I know Natalie said not to, but ten years ago, this had been part of the camp’s property, left undeveloped so the kids could have land to range in and practice their nature skills. I need to reassure myself it’s not turning into a horrific subdivision back there.

I park the bike and fetch a flashlight from my cabin. I haven’t forgotten my woodcraft, and I’m too smart to head out to a new trail without one. I won’t be going far, but it’s better to plan as if I am. Lack of preparation is a breeding ground for emergencies, in restaurant kitchens and summer camps.

No warning or trespassing signs tell me to stay off the trail, so I don’t. I’ll give it twenty minutes before I turn around and get ready for dinner.

It takes about ten minutes before the path lightens ahead and leads me to a clearing. I peer through the trees and stifle a gasp. Did I get the wrong kind of mushrooms in my omelet this morning?

Because I had expected to find a house standing there.

I just didn’t expect to find Sawyer Reed sitting on its deck.

Chapter 6

Ten Years Ago

Sawyer’skiss—ourTruthorDare kiss—stuck with me for days after I got home from camp.

I relived it multiple times an hour, trying to remember every detail. Where had his hands been? And mine? What sounds had he made? Did I make any noises? Did they sound stupid? Was he really into me?

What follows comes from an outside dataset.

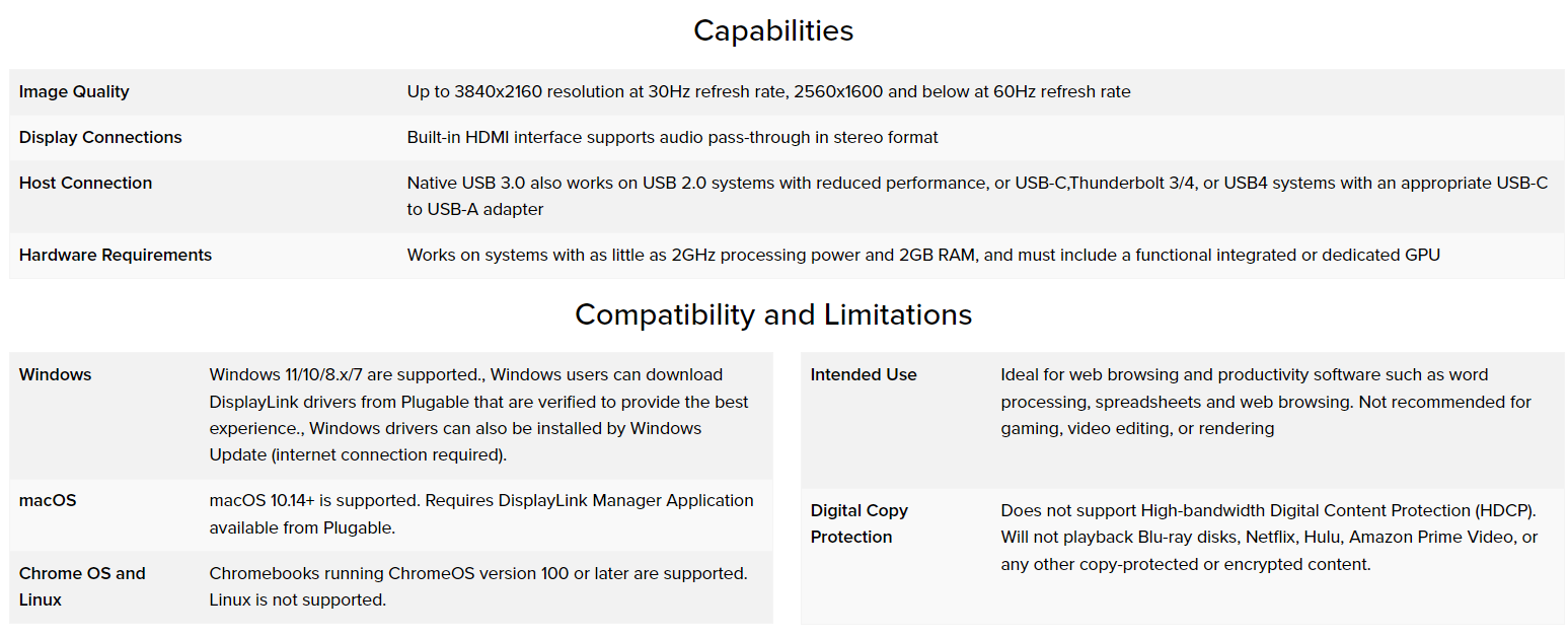 Featuring the DisplayLink DL-5500 graphics chipset, the Plugable UGA-4KHDMI USB 3 to HDMI 4K adapter allows you to add additional monitors to virtually any Windows or Mac laptop (including M1, M2, M3, or Intel), desktop, or tablet (one USB graphics card adapter required per monitor, up to six on Windows PCs and four on macOS). Multitask with a dedicated monitor for each document or application. Supports HDMI monitors via USB-A to HDMI DisplayLink chipset. USB-C, Thunderbolt 3/4, or USB4 system will require a USB-C to USB-A adapter (sold separately).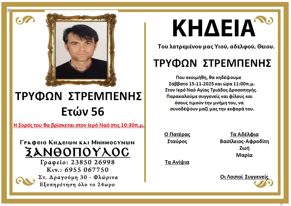 ΚοινωνικάΚηδεία του Τρύφωνος Στρεμπένη, ετών 56 Παρασκευή 14 Νοεμβρίου, 2025 12:05 florinapress.gr SHARE Ίσως να ενδιαφέρει ... Κηδεία της Μαρίας Γκατζοπούλου Κηδεία της Παρασκευής Τουτσίδου Κηδεία του Θωμά Τσώτσου, ετών 57 Κηδεία του Γεράσιμου Χαρίση, ετών 93 Κηδεία της Φανής Γεωργίου Share Ακολουθήστε μας8.4kFollowersLikeΤελευταία νέα Αγανακτισμένοι αγρότες : Ως εδώ, η κατάσταση δεν πάει άλλο Κοινωνία Πέμπτη 4 Δεκεμβρίου, 2025 Επισκέψεις Κινητών Μονάδων Υγείας σε απομακρυσμένες Κοινότητες του Δήμου Αμυνταίου Κοινωνία Πέμπτη 4 Δεκεμβρίου, 2025 Ευχαριστήρια επιστολή του Πειραματικού Σχολείου Φλώρινας προς το Κέντρο Περιβαλλοντικής Εκπαίδευσης & Αειφορίας Μελίτης Κοινωνία Πέμπτη 4 Δεκεμβρίου, 2025 Πωλείται Γερμανικός λέβητας ξύλου Κοινωνία Πέμπτη 4 Δεκεμβρίου, 2025

As if it wasn’t bad enough that I was torturing myself this way, I seemed to be the only one doing it. Our Instagram group chat was the same as it ever was, complaining about the days we were stuck at home with nothing to do before we could go back to school.

Why was he not suffering? He should be suffering.

I was suffering.

Everyone must suffer.

I might not have said this aloud, but my dad for sure picked up on my vibes because he stuck me in the stockroom to do inventory where I couldn’t interact with other humans. I counted screws with a vengeance, because screw them. Honestly. Stupid screws.

Then the third day after camp dawned with a bright and glorious message. In my DMs. From Sawyer.